NOT RECOMMENDED FOR FULL-TEXT PUBLICATION
File Name: 05a0400n.06
Filed: May 13, 2005
No. 04-5218
UNITED STATES COURT OF APPEALS
FOR THE SIXTH CIRCUIT
UNITED STATES OF AMERICA, )
)
Plaintiff-Appellee, )
)
v. ) ON APPEAL FROM THE UNITED
) STATES DISTRICT COURT FOR THE
JANELL CAGE, ) WESTERN DISTRICT OF TENNESSEE
)
Defendant-Appellant. )
)
)
Before: COLE and GIBBONS, Circuit Judges; SCHWARZER, District Judge.*
JULIA SMITH GIBBONS, Circuit Judge. Defendant-appellant Janell Cage obtained
names, addresses, and social security numbers of other individuals and used this information to
apply for loans and credit cards and take over existing bank accounts. She pled guilty to one count
of access device fraud in violation of 18 U.S.C. § 1029(a)(2). Cage was sentenced to thirty months
of imprisonment followed by three years of supervised release. She appeals the district court’s
determination that two enhancements applied to her base offense level for purposes of determining
her sentencing range under the United States Sentencing Guidelines. In light of United States v.
Booker, 125 S. Ct. 738 (2005), we vacate Cage’s sentence and remand for resentencing.
*
The Honorable William W Schwarzer, Senior United States District Judge for the Northern
District of California, sitting by designation.
United States v. Cage, No. 04-5218
I.
From approximately December 13, 2002, through May 9, 2003, Cage used her position as
a medical transcriptionist in order to access confidential information about patients, including
names, dates of birth, and social security numbers. Armed with this information, Cage submitted
over thirty applications for credit and took over four existing accounts. She obtained cash advances,
bought various items, and bought and insured a car.

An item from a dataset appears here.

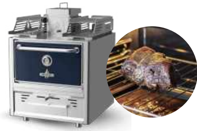
R56 Charcoal Oven

Charcoal oven and charcoal cooking equipment from Greece. Roaster charcoal ovens operates purely using charcoal and natural airflow to maximize the fire and heat, made possible with the oven design to allow the most efficient air circulation. Charcoal ovens make products to smell very nice, juicy inside with excellent outside finish while maximizing the food yield, delivering a unique kind of cooking that cannot be done with any other equipment.

The United States Postal Inspection Service initiated an investigation into Cage’s activities
on March 4, 2003, after receiving information from USAA Credit Card that an individual in
Memphis had taken over several credit card accounts. Agents interviewed Cage, who admitted
using her employment to obtain credit reports on the Internet and then apply for new accounts or
take over existing accounts.
A federal grand jury in the Western District of Tennessee indicted Cage on June 30, 2003.
On October 17, 2003, Cage pled guilty to Count I of the indictment, which charged that Cage
knowingly and with intent to defraud used an unauthorized access device issued by USAA to Karl
and Theresa Robinson, in violation of 18 U.S.C. § 1029(a)(2). The remaining counts were
dismissed. However, the offense level for purposes of sentencing included all relevant conduct
pertaining to all counts of the indictment.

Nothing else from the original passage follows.